A celebrated AI has learned a new trick: How to do chemistry

  • 0

(The Conversation is an independent and nonprofit source of news, analysis and commentary from academic experts.)

Marc Zimmer, Connecticut College

(THE CONVERSATION) Artificial intelligence has changed the way science is done by allowing researchers to analyze the massive amounts of data modern scientific instruments generate. It can find a needle in a million haystacks of information and, using deep learning, it can learn from the data itself. AI is accelerating advances in gene hunting, medicine, drug design and the creation of organic compounds.

People are also reading…

Deep learning uses algorithms, often neural networks that are trained on large amounts of data, to extract information from new data. It is very different from traditional computing with its step-by-step instructions. Rather, it learns from data. Deep learning is far less transparent than traditional computer programming, leaving important questions – what has the system learned, what does it know?
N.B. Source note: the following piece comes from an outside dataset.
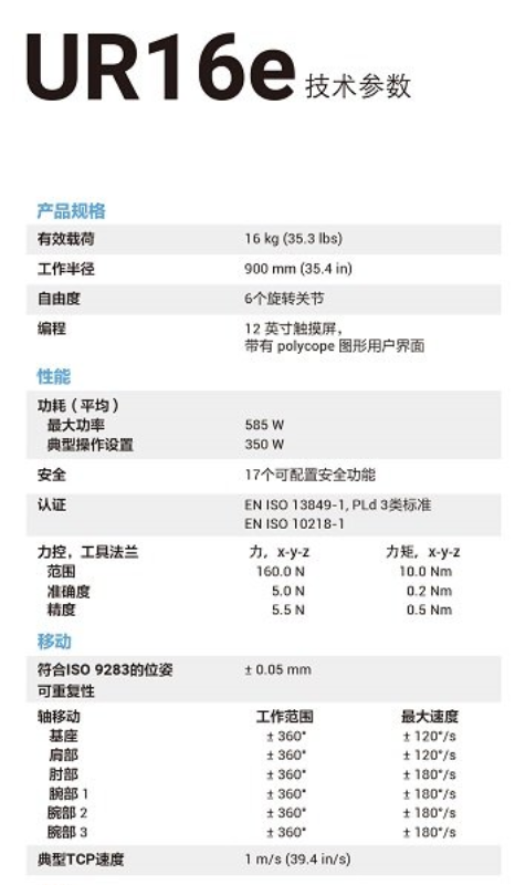 UR16e協(xié)作式機(jī)器人產(chǎn)品參數(shù):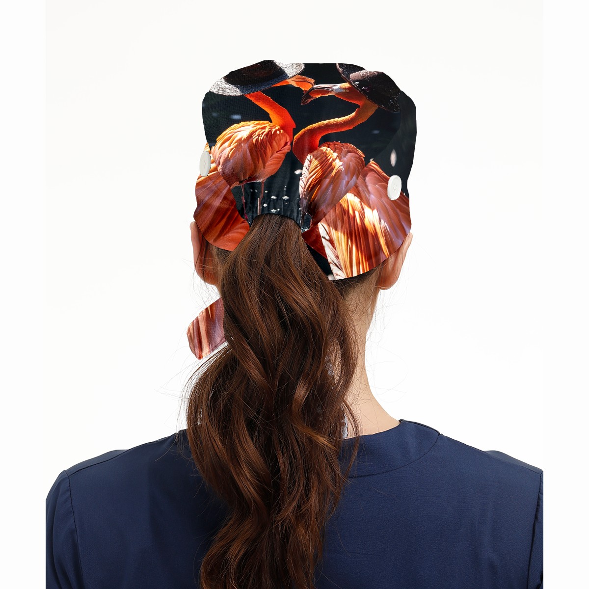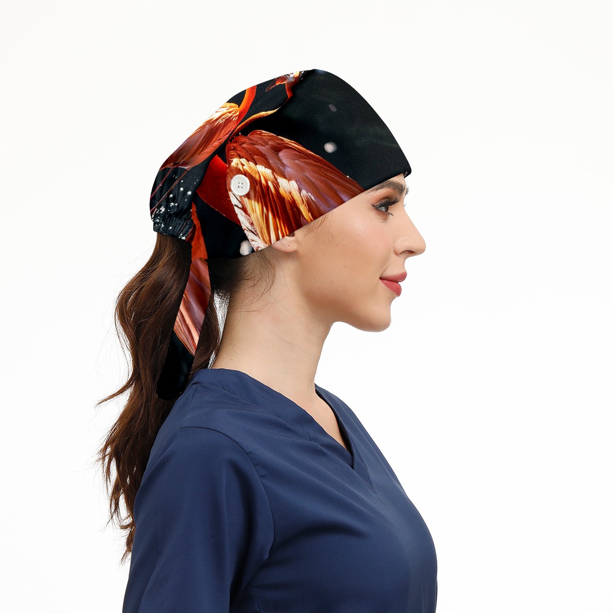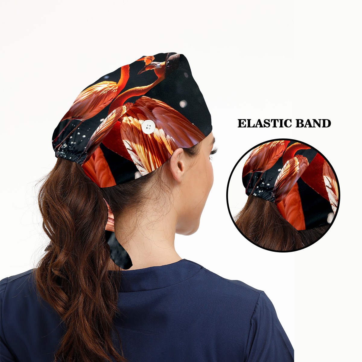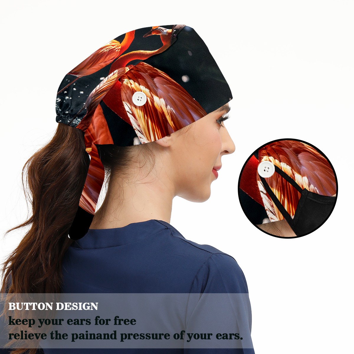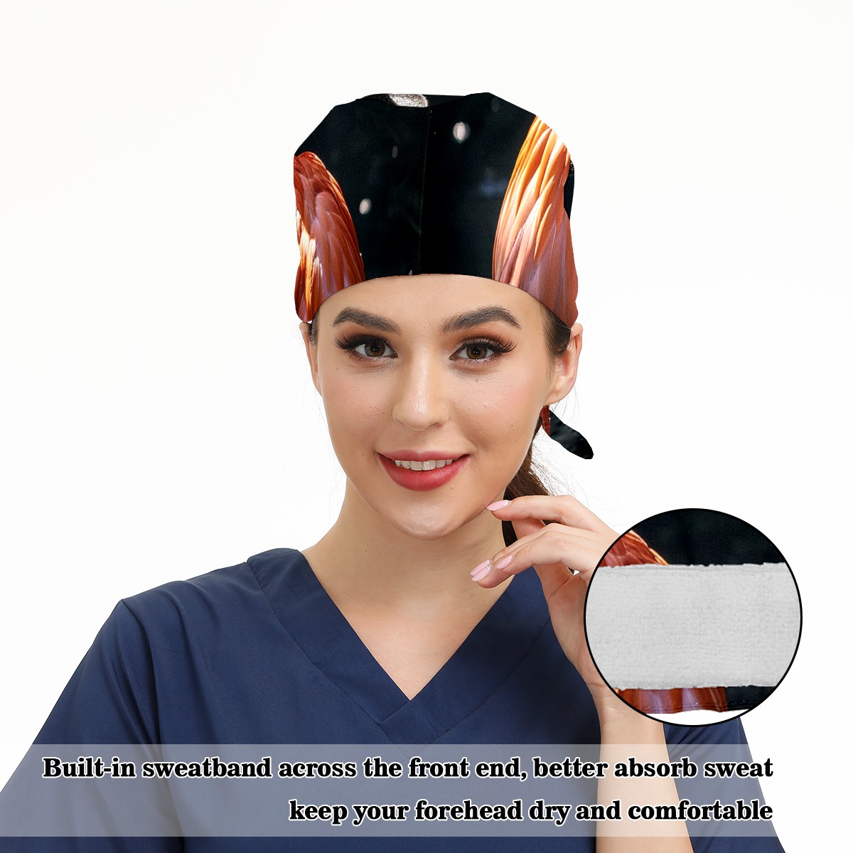 Working Caps with Button&Sweatband Satin Lined Cotton Adjustable Nurse Hats Elastic Band Scrub Cap Surgeon Hat Crane

As a chemistry professor I like to design tests that have at least one difficult question that stretches the students’ knowledge to establish whether they can combine different ideas and synthesize new ideas and concepts. We have devised such a question for the poster child of AI advocates, AlphaFold, which has solved the protein-folding problem.

Protein folding

Proteins are present in all living organisms. They provide the cells with structure, catalyze reactions, transport small molecules, digest food and do much more. They are made up of long chains of amino acids like beads on a string. But for a protein to do its job in the cell, it must twist and bend into a complex three-dimensional structure, a process called protein folding. Misfolded proteins can lead to disease.

In his chemistry Nobel acceptance speech in 1972, Christiaan Anfinsen postulated that it should be possible to calculate the three-dimensional structure of a protein from the sequence of its building blocks, the amino acids.

Just as the order and spacing of the letters in this article give it sense and message, so the order of the amino acids determines the protein’s identity and shape, which results in its function.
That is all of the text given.